Genre: General (advent calendar)
Rating: varies from chapter to chapter. This particular chapter is rated G.
Series: “Sons of Gondor”, a series of individual stories. A side product to “The Shoemaker’s Daughter”.
Timeframe: September 8-15 2998, Third Age. Takes place during Chapter 7 of “The Shoemaker’s Daughter”.
Summary: The Wandering Elves, led by Gildor Inglorion, visit the annual autumn fair in Halabor.

Author’s note: In the beliefs of the Old Folk, Nurria is the local equivalent of Yavanna. The Old Folk is the people who lived in Gondor before the arrival of the Númenóreans – and that most likely made up the major part of the local population. I made them related to the people of Bree (from afar), which is why they use the Bree-calendar and the same names for the months or the days of the week.

Beta read by Nerwen Calaelen, thanks!



[Halabor, the days 8-15 of Halimath(1), in the year 2998, Third Age]

The second one of the great annual fairs in Halabor – a small, ancient fishing town at the Great River, opposite of the island of Cair Andros – came after several days of clear skies and sunshine, leading in another week of bright, warm autumn weather, to everyone’s great relief.
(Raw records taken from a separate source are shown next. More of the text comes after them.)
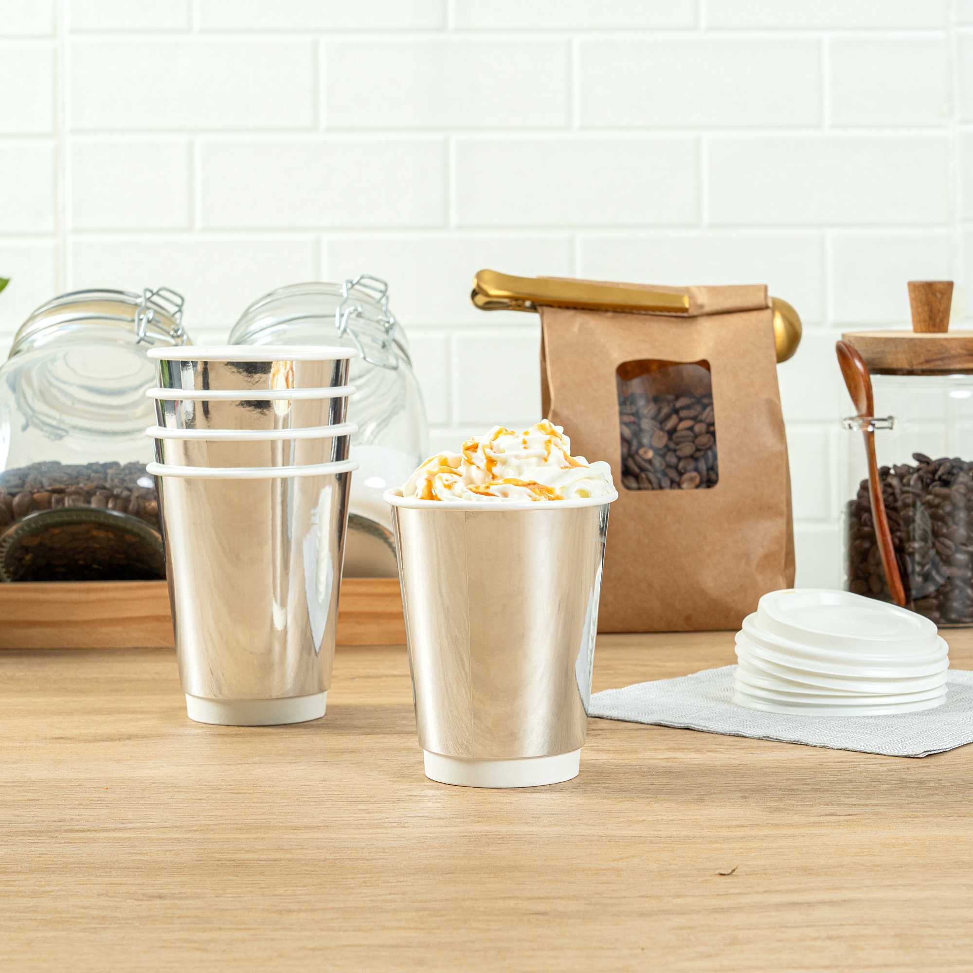 Add a modern edge to your drink presentation with our Restpresso 12-ounce Metallic Silver Paper Hot / Cold Cups. The eye-catching silver finish offers a refined aesthetic suitable for upscale events and everyday use alike. Built to handle hot and cold beverages, these cups are great for lattes, teas, soft drinks, and more. Their sturdy paper construction provides reliable strength throughout service. With freezer-safe functionality, they're also suited for prepping chilled beverages or desserts ahead of time. Ideal for both formal and casual gatherings, these cups deliver polished style with disposable ease. Each cup measures 2.36 inches in diameter by 4.33 inches in height and holds up to 12 ounces. Sold in a 500 count box.
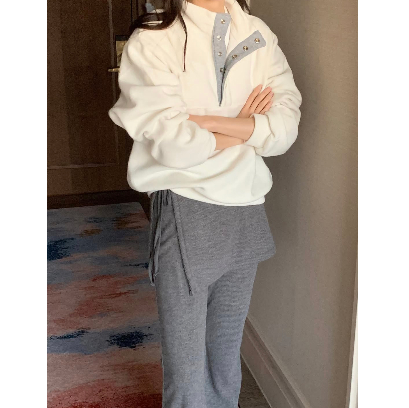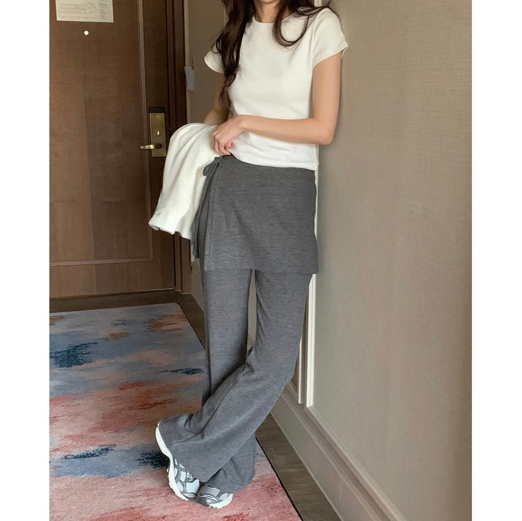 레므 기모 골지 니트 스커트 레이어드 랩 팬츠
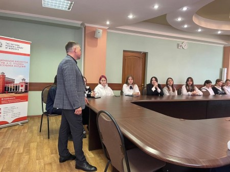Сегодня сотрудники отдела литературы на иностранных языках Национальной библиотеки им. А. С. Пушкина Республики Мордовия пригласили председателя отделения ВОД «Отцы России» в регионе Максима Захарова на беседу с учащимися 9 классов школы № 9.
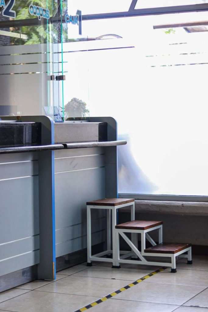 Entre estas acciones destacan la instalación de rampas, así como escalones en las cajas y módulos de atención, diseñados especialmente para que las personas de talla baja puedan realizar sus trámites de manera cómoda y segura.
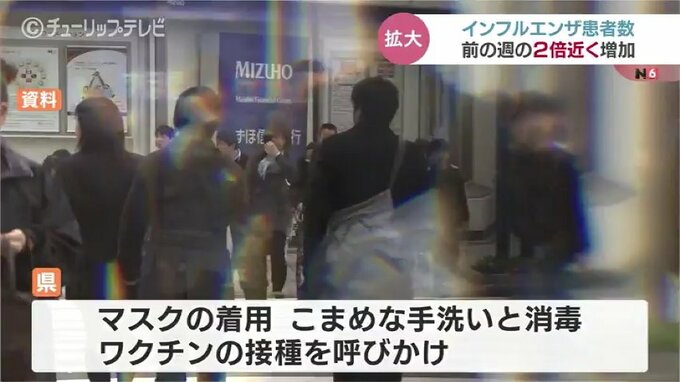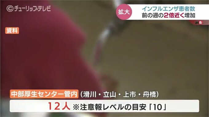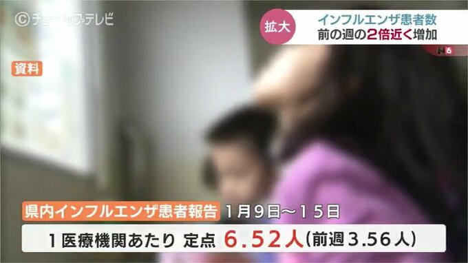 インフルエンザの患者数が急増しています。今月9日から15日までの1週間に、富山県内48か所の定点医療機関で確認されたインフルエンザの患者数は、1医療機関あたり6.52人となり前の週の3.56人からさらに増えました。

So far, the harvest had been good. The early apples had already been plucked in the orchards, the newly-milled floor had been carted to the cellars (or attics, or barns, or whatever people kept it), and a great deal of autumn herbs had been cut and were drying in bouquets, hanging from the horizontal beams of the kitchens.

The Autumn Fair traditionally began on the eight of Halimath, for this was the day on which the Old Folk celebrated the birth of Nurria, the Lady of the fields and pastures – a feast that had once lasted seven days. Some of the ancient customs had been banned after the arrival of the Dúnadan overlords (although they might still exist secretly), but the celebration had gone on, unbroken, thorough the centuries. After all, Halabor had been there long before the Númenóreans had crossed the Sea, and what would be more worthy to celebrate the autumn harvest than a fair?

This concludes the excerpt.